[Data excerpt]
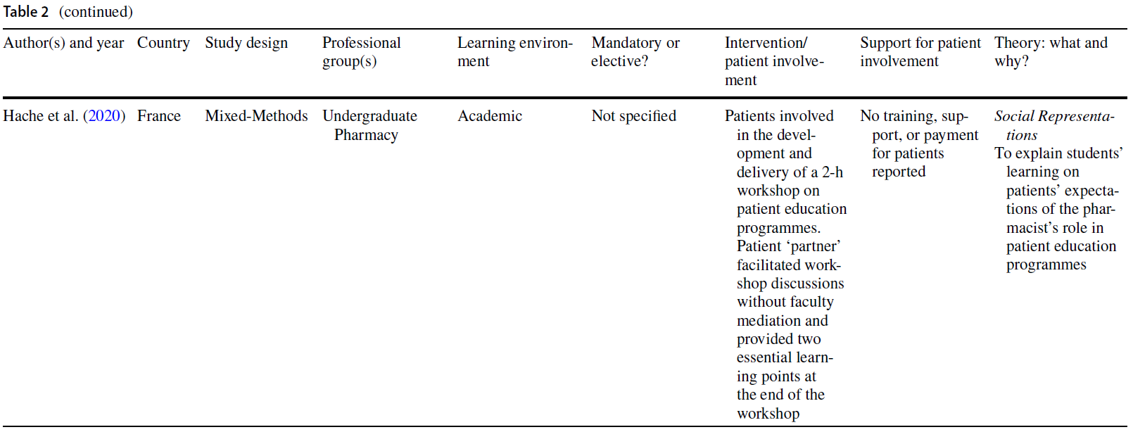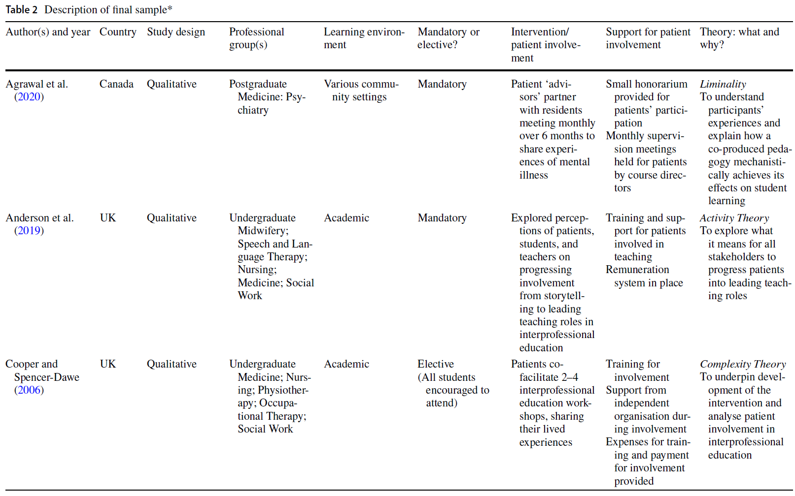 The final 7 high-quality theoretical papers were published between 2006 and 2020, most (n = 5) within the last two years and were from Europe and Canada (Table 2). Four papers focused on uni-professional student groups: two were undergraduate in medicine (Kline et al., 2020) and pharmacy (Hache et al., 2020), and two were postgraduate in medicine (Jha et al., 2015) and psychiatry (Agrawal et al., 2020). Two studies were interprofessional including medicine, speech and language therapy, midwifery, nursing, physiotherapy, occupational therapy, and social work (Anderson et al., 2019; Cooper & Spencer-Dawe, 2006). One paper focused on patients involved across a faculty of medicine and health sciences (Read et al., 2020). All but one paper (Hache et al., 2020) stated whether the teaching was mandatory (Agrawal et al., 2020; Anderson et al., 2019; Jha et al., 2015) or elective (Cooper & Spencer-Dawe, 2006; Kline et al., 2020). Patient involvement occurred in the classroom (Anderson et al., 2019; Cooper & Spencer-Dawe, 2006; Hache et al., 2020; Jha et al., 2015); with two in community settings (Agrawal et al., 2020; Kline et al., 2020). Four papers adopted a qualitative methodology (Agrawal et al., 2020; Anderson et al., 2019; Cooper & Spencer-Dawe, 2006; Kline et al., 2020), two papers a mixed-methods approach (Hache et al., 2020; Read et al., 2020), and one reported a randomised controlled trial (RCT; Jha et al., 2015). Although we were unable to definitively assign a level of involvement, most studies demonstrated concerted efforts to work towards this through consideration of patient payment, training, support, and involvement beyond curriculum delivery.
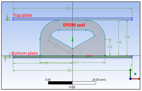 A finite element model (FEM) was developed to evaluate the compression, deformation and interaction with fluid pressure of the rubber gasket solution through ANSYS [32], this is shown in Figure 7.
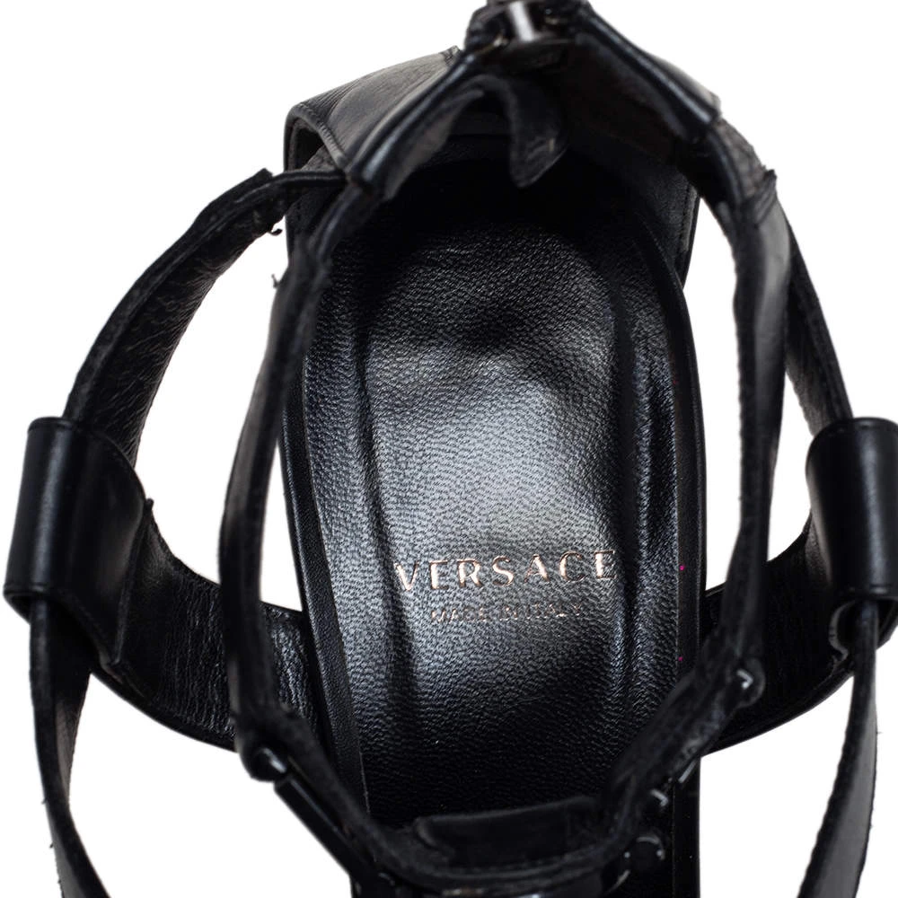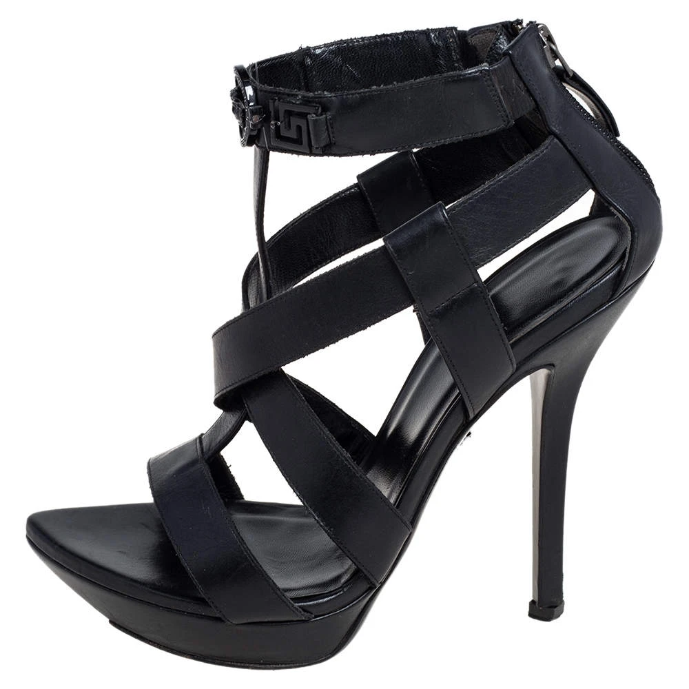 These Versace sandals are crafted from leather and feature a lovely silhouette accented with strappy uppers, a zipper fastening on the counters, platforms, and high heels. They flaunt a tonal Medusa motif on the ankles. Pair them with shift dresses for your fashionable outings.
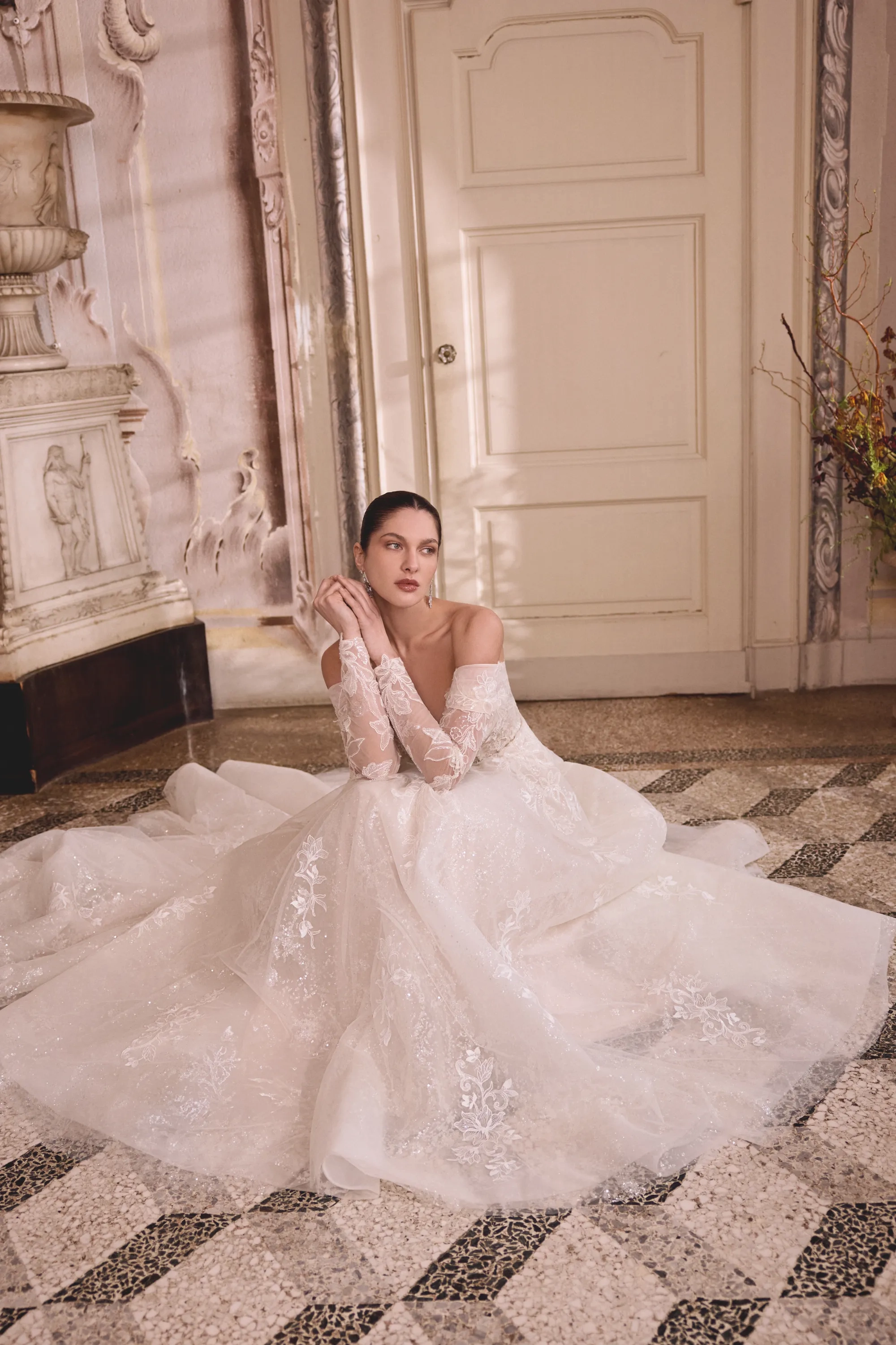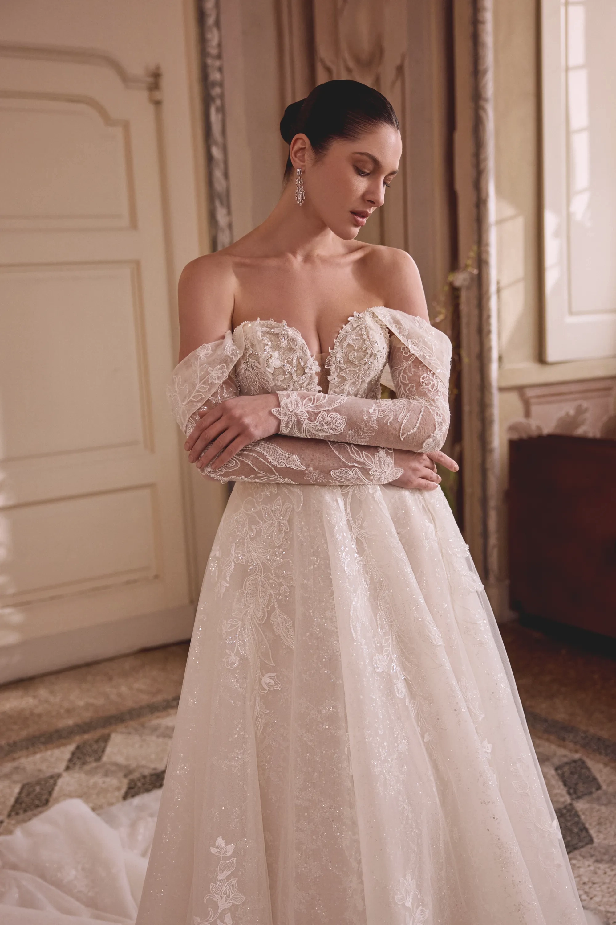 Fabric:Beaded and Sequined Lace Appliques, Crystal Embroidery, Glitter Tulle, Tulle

[Problem description] With pictures omitted, copy exactly the lines from the one containing "These Versace sandals" through the final line of the listing, both included.

[Your solution]
 These Versace sandals are crafted from leather and feature a lovely silhouette accented with strappy uppers, a zipper fastening on the counters, platforms, and high heels. They flaunt a tonal Medusa motif on the ankles. Pair them with shift dresses for your fashionable outings.
 Fabric:Beaded and Sequined Lace Appliques, Crystal Embroidery, Glitter Tulle, Tulle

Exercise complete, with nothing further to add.